Next Media Ltd (壹傳媒集團), the publisher of Apple Daily newspapers, will start a site on Google Inc’s YouTube to add revenue by distributing news cartoons after its dramatization of US golfer Tiger Woods’ car crash drew millions of hits.
“YouTube itself is the greatest marketing tool,” chairman Jimmy Lai (黎智英) said in an interview in Hong Kong yesterday.
Lai, whose Apple Daily is the largest newspaper in Taiwan, also started an online news channel, while Taiwan’s authorities have yet to approve his application for a TV broadcast license.

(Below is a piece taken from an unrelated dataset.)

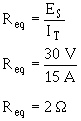 If you apply the general formula to the circuit shown in figure 3-45 you will get the same value for equivalent resistance (2Ω) as was obtained in the previous calculation that used source voltage and total current.
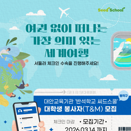 2026.3.7 (토) 0:00 ~ 2026.12.31 (목) 23:59 3.7 ~ 12.31 서울특별시 동작구 상도로15바길 5

Next Media has drawn more than 100 million viewers to its cartoon versions of news events, Lai said. The YouTube site, set to start this year, may help broaden the audience for news cartoons beyond viewers of clips recreating incidents in the private lives of celebrities, including Woods and actress Lindsay Lohan.
The National Communications Commission is still reviewing Next Media’s application to offer a television news channel, Lai said. The regulator has approved the company’s application to start two channels for sports and films, he said.
Lai, 62, whose Apple Daily is known for graphic depictions of violent crimes and celebrity gossip, has said the cartoons also appeal to viewers seeking general news, such as reports illustrating the devastation caused by the Haiti earthquake that killed 200,000 people in January.
The Taipei City Government fined Next Media NT$1 million (US$31,300) last year for publishing inappropriate content, according to the city government’s Web site.
“Overseas will be our major market,” said Lai, who called Next Media’s animation business the first of its type globally.
The company has invested more than US$20 million in the division and hired more than 200 engineers in Taiwan.
The company intends to continue supplying the cartoons to partners, including Thomson Reuters Corp, Associated Press and the British Broadcasting Corp. The animation unit is already generating “positive cashflow,” Lai said, without disclosing more specific financial information.
Next Media fell 0.9 percent to close at HK$1.08 in Hong Kong trading. The stock has gained 3.9 percent this year, compared with a 3.5 percent drop in the Hang Seng Index.